We want our children to always have their eyes glaring and have motivated faces. Visit nature, make themselves aware of various environments including life through actual experience, work in the sun, play, get hungry and eat, sleep well…We believe that a motivated and lovely look comes from this positive cycle.

feature: 1Characteristics of Doronko food education

Nutrition Education01Walk, walk, walk.
And play outdoors even in summer.

At Doronko, we are particular about “walking a long distance ”and“ playing outdoors throughout the year.” We increase the walking distance gradually from April, aiming at walking 4Km round trip for 2 year old children and 10Km round trip for 4-5 year old children.

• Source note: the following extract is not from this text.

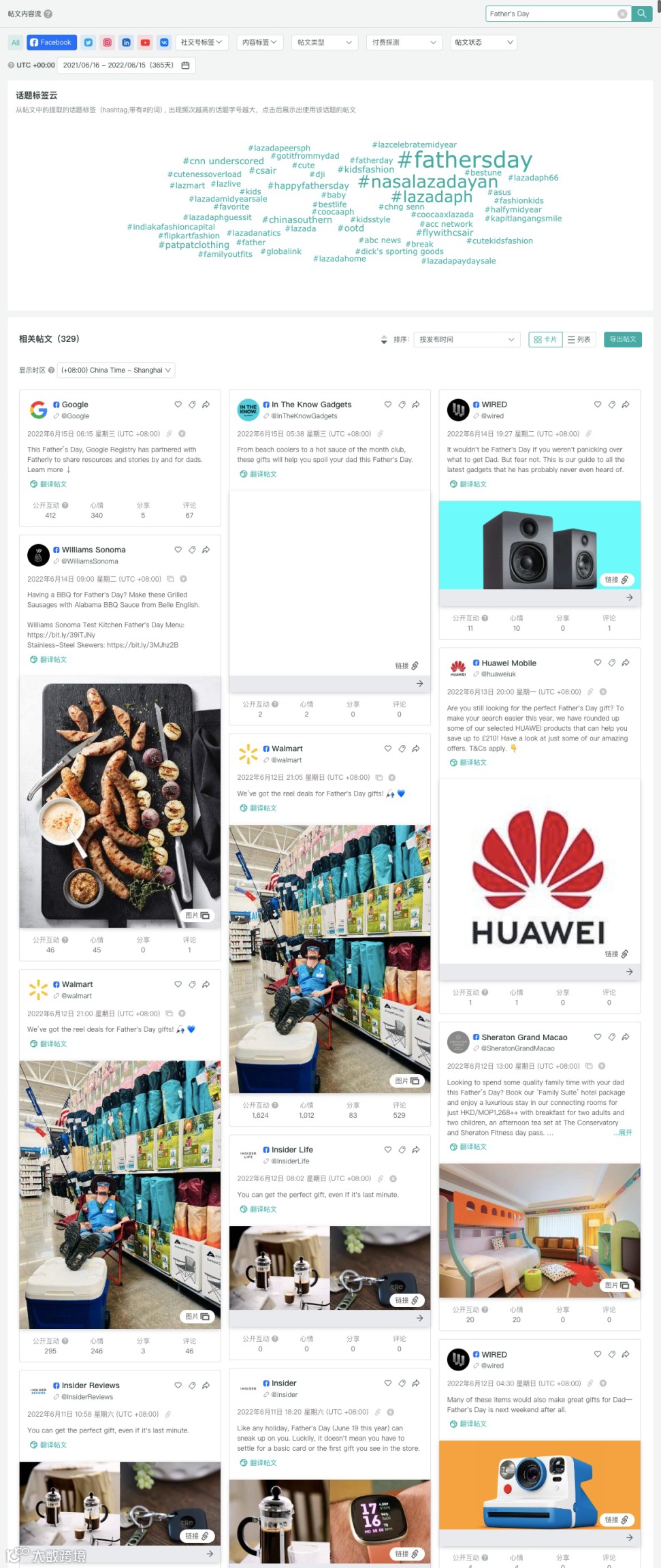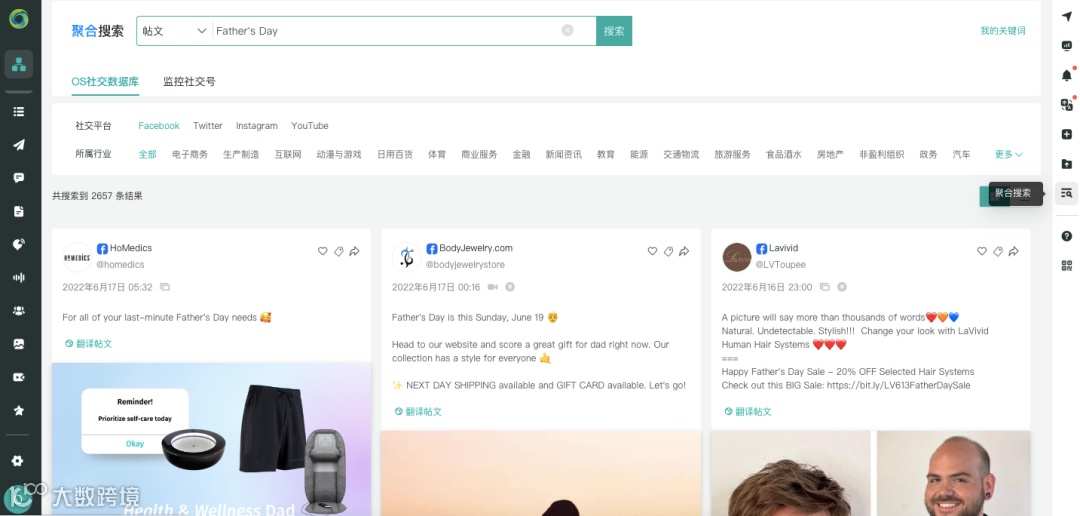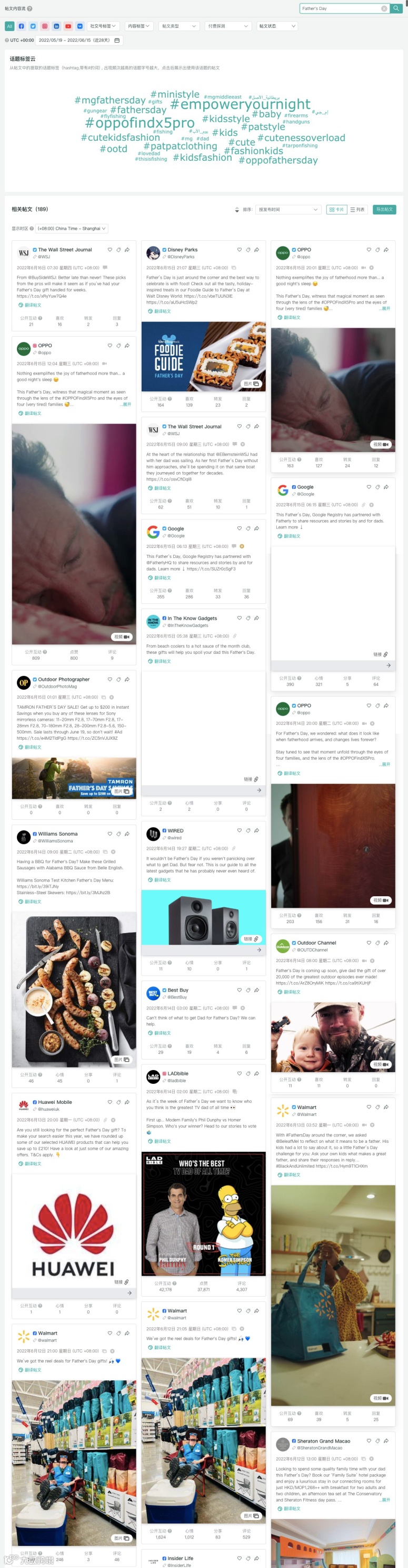 利用OneSight营销云,可以轻松查找你所需要的帖文内容,操作起来也十分简单。登录OneSight营销云后,点击“监控”模块的“帖文内容流”,在右上角的帖文内容搜索框内输入Father's Day,一次搜索,就可以找到多个平台上的相关帖文:

Trees are planted in the garden to make shades, sprinklers and mists installed, rockery with height difference, cool clay pipes, etc. …. We are trying to make arrangements so that children can play in the courtyard even in summer.
Children make various discoveries, touch the seasonal nature, move a lot, and develop the appetite.

Nutrition Education02Working in the fields and making furrows.

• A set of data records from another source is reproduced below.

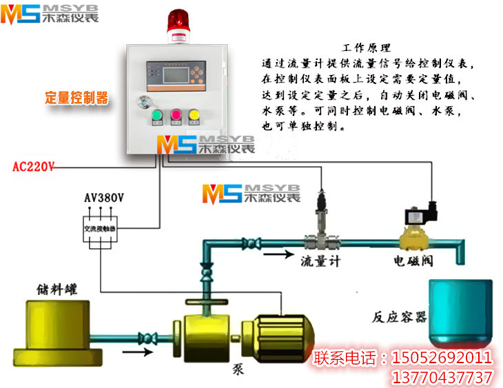 定量控制器系統(tǒng)是由流量計(jì)、流量定量控制儀、電磁閥和配電箱等裝置組成。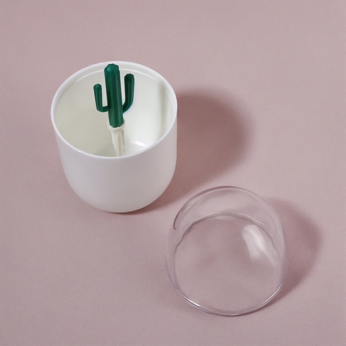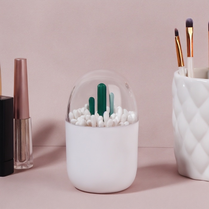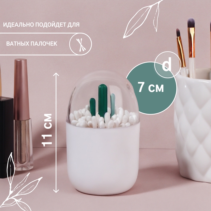 Органайзер для ватных палочек «КАКТУС», с крышкой, d = 7 × 11 см, цвет белый/прозрачный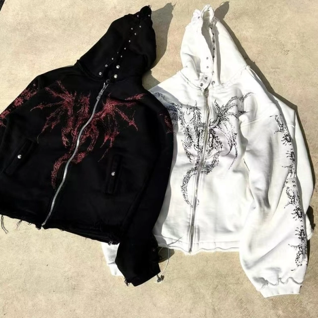 | Item Name | Star Moon Keel Devil Print rivet distressed hooded street style casual cardigan trendy jacket |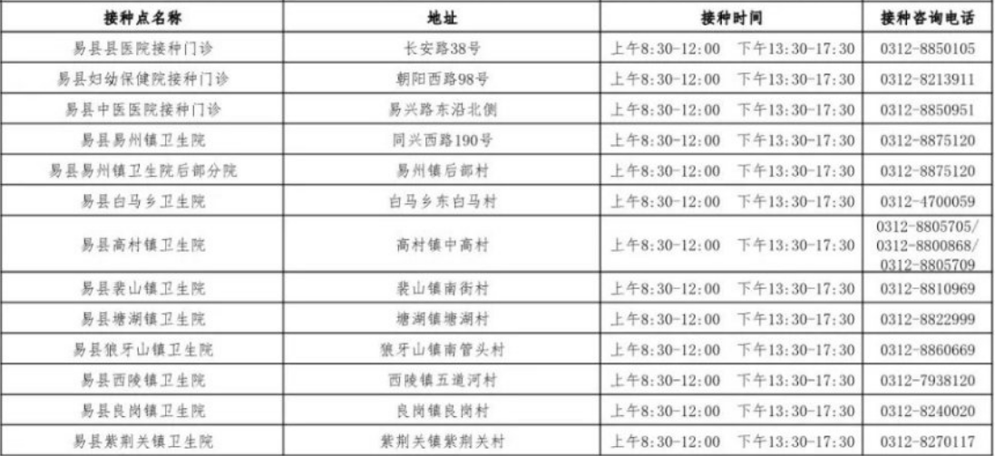 接種地址:保定市易縣高村鎮(zhèn)中高村;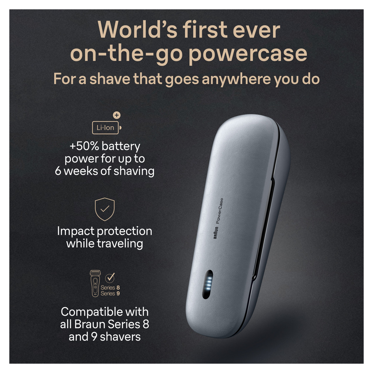Meet Braun PowerCase: the world's first fully portable shaver charger case. The case provides 50% more battery runtime—that's up to 6 weeks of cordless shaving anytime, anywhere. The PowerCase is built from durable premium materials, and is designed to protect your shaver from bumps, scratches, dust, and spillage. Fully compatible with Braun Series 9 Pro, Series 9 and Series 8 electric shavers for men. Get the world's first ever on-the-go powercase for a shave that goes anywhere you do. Designed for impact protection while traveling.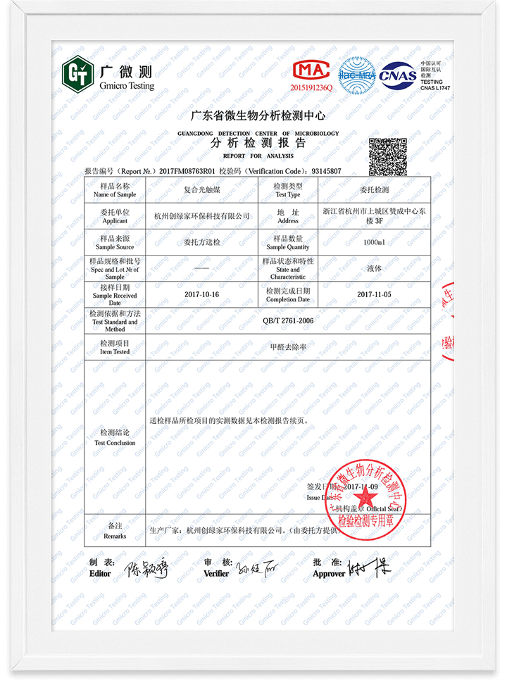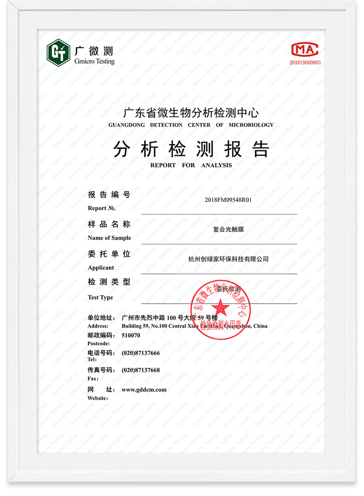 光觸媒無毒檢測報告

Field work is the closest activity necessary for living. Watching the nursery teacher who plows with hoes, shovels and scoops, the children cultivate themselves and make furrows. Doronko organizes training in the making of furrows organized by staff every March. The annual agricultural plan for each nursery school is also created for 0 year olds and 1 year olds. Children who enter Doronko start by touching the soil and playing in the mud. The plant couldn’t bear the fruit because there was an insect. Just before harvesting, a 0 year old child touched a green pepper and fell off. Such failures are experiences. The best part of field work is that you can experience the Sense of Wonder including natural science.

Nutrition Education03Eat with a child of a different age.
Eat with adults.

At Doronko, like children, large children, small children, and children with disabilities are all living together. We aim to become a group that can recognize individuality such as strength, weakness, dexterity, and clumsiness with various children. The teachers see not only the children in charge, but all the children. People are born with the instinct to protect themselves from poison and rotten things, as it is said to have a bitter and sour taste recognition from birth. Children will be able to eat with peace of mind when they see the surrounding adults such as nursery teachers, specialists, cooks, and facility managers eating deliciously. Of course, it is also important for the cook to think about how to provide food by watching the children eat.

Nutrition Education04Children serve themselves.
Adults do not serve.
For children who cannot do by themselves, those who can do it for them.

At Doronko, serving meals for younger children is a role for elder ones. Although this is not an assignment from teacher. As they work together, they experience situations where they rely on each other, express their own thinking, exchange opinions, accept the method of others, in order to make things advance.
We practice the education of relying on each other, conflicting with each other, and teaching each other.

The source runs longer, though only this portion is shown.